Mark Madsen barks at the CIA

Mark Madsen, our favorite elbow machine, is pissed. He's tired of Congress going after professional athletes for steroid use while ignoring the "systematic breakdown between the CIA" and those same elected officials doing steroid investi-muh-gations.

The Stanford grad executes a fine argument over at his Mad Dog blog. But he ignores an important phenomenon known as the "Lattimer effect."

From Mad Dog:

If Congress and the government allocate and allow so much time to pursue professional athletes and their statements about their own, or others' possible steroid use, perhaps we should examine statements of elected officials and the CIA when it relates to interrogation, torture and national security.  Surely we must pursue these issues with the same energy and effort with which we pursue the statements of professional athletes on personal steroid use.
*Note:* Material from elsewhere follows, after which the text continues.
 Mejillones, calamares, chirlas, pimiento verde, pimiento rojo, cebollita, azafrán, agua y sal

If the statements made to Congress must be accurate and true and if suspicion of those statements leads to hearings, should the statements made by Congress members themselves also be subject to rigorous treatment?

Yes. Unfortunately, the last time this happened with any real impact, Fred Friendly was tapping the leg of Murrow with a pen. Our favorite batshit congresswoman, Michele Bachmann, can say whatever the hell she wants and despite folks calling her out on it, there's little punishment aside from a barb tossed at her from Keith Olbermann.

More from Mad Dog:

When the congressional hearing of Jose Canseco vs. other MLB players created questions about steroid use, Congress acted quickly and decisively and spent the next several years with multiple Congressional hearings related to this important issue.  I remember watching impassioned speeches by senators and Congresspeople talking about how important it is that steroids not be used.  Can we please see the same passion now over a national moral issue of torture?
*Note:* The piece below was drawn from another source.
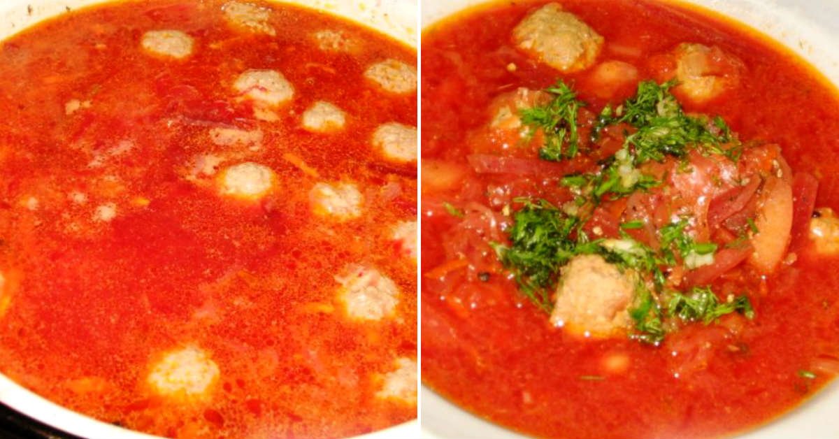 В моей памяти это самое сытное первое блюдо. Даже солянка ему уступает. А все из-за того, что готовится сибирский борщ с фрикадельками и фасолью на мясном бульоне. Муж говорит, что после тарелки такого борща даже ко второму приступать не хочется. Есть в его словах доля правды.

Mad Dog. We can't. At least not yet. Torture still falls in the "well maybe it's okay" area. Your good friend, Dick, has done everything in his power to tell us how torture kept us safe. While most folks dismiss it as bunk, part of it sticks. That's the crappy outcome of framing politics in easy to swallow soundbites.
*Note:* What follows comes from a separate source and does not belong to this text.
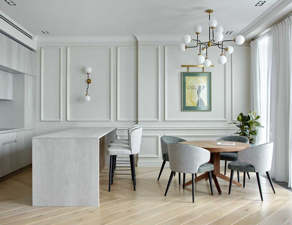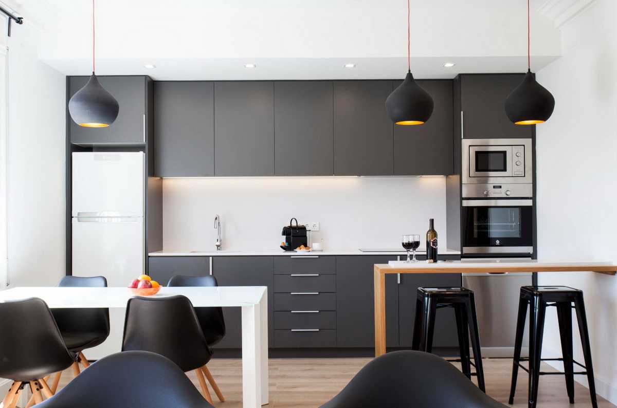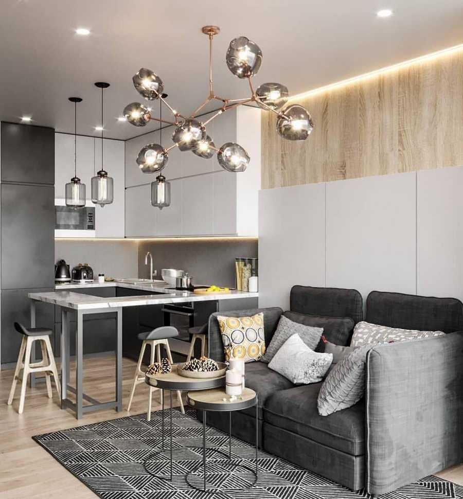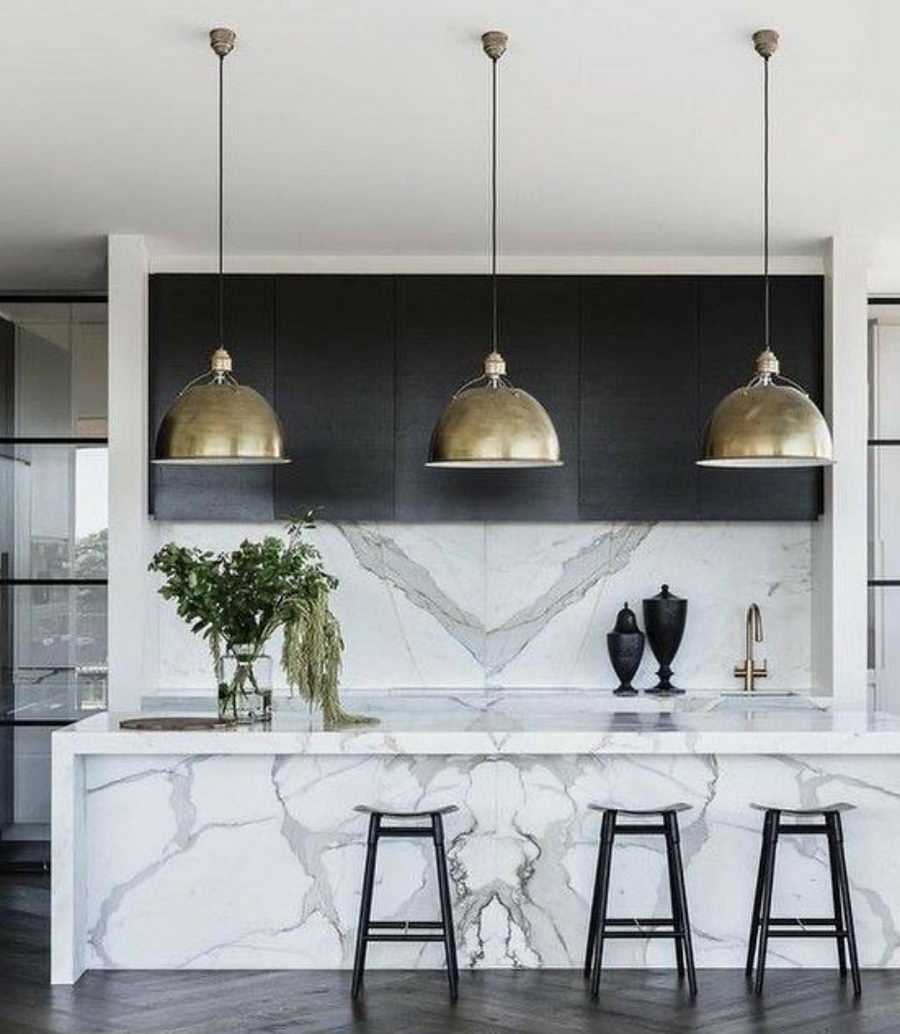 Для овальных и прямоугольных столов, барных стоек одну люстру лучше заменить несколькими подвесными. Световой поток станет более равномерным.

Since we don't have a person like, say, Mark McGwire, coming out on a national platform to say why steroids were good for baseball, we're left with a super majority of the population believing steroids are bad. Not so for tor... excuse me, enhanced interrogation.

All this screws with our feeble heads. We're left spinning around in a state of cognitive dissonance, and the only solution for mental harmony is to smash our noggins through a windshield. It's the phenomenon reference above, the Lattimer Effect, and coincidentally, it's associated with 'roids.